"Pray be so kind as to see me. I want to thank you for your goodness to my wife. I landed in London two hours ago on my arrival from America."
He walked up and down the hall while a footman carried the note to his mistress. His heart beat heavily, tortured with the anticipation of horror; to look upon the altered face; to have to tell himself that this was Antonia.
The man came back, solemn and slow, in his rich livery and powdered head. Her ladyship would see Mr. Stobart.
She was sitting in a large armchair by the fire, her face showing dimly in the twilight. He could distinguish nothing but her pallor and the difference in the style of her hair. The flowing curls that he had admired were gone. He felt thankful for the darkness which spared him the immediate sight of her changed aspect.

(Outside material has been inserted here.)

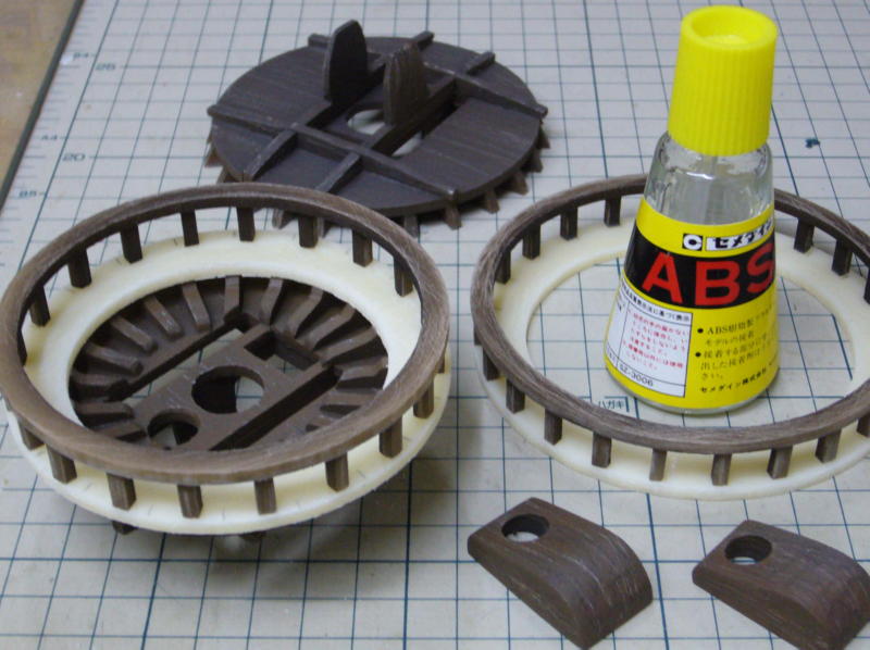 組んだ後では塗装しにくいところは色を塗りながらパーツを組み立ててます。接着剤は溶剤系を使うので、接着面は未塗装か紙ヤスリで塗料を削ってから接着。 ABS用接着剤はタミヤからも出てますがセメダイン社の方がサラサラで使いやすいです。 |

"I am glad you are back in England, Mr. Stobart, and have escaped the perils of that dreadful war," she said, in a low, grave voice. "But you have had a sorrowful welcome home."
"Yes, it was a heavy blow."
"I hope you had received Lady Lanigan's letter, and that the blow was softened by foreknowledge."
"No, I had no letter; I came home expecting to find all things as I left them. My mind was full of schemes for making my wife happier than I had made her in the past. But I doubt sins of omission are irrevocable. A man may sometimes undo what he has done, but he cannot make amends for what he has left undone."
There was a silence. The shadows deepened. The wood fire burnt low and gave no light.
"I have no words to thank you for your goodness to my wife," he said. "That you should go to her in her loneliness, that you should so brave all perils, be so compassionate, so self-sacrificing! What can I say to you? There is nothing nobler in the lives of the saints. There was never Christian living more worthy to be called Christ's disciple."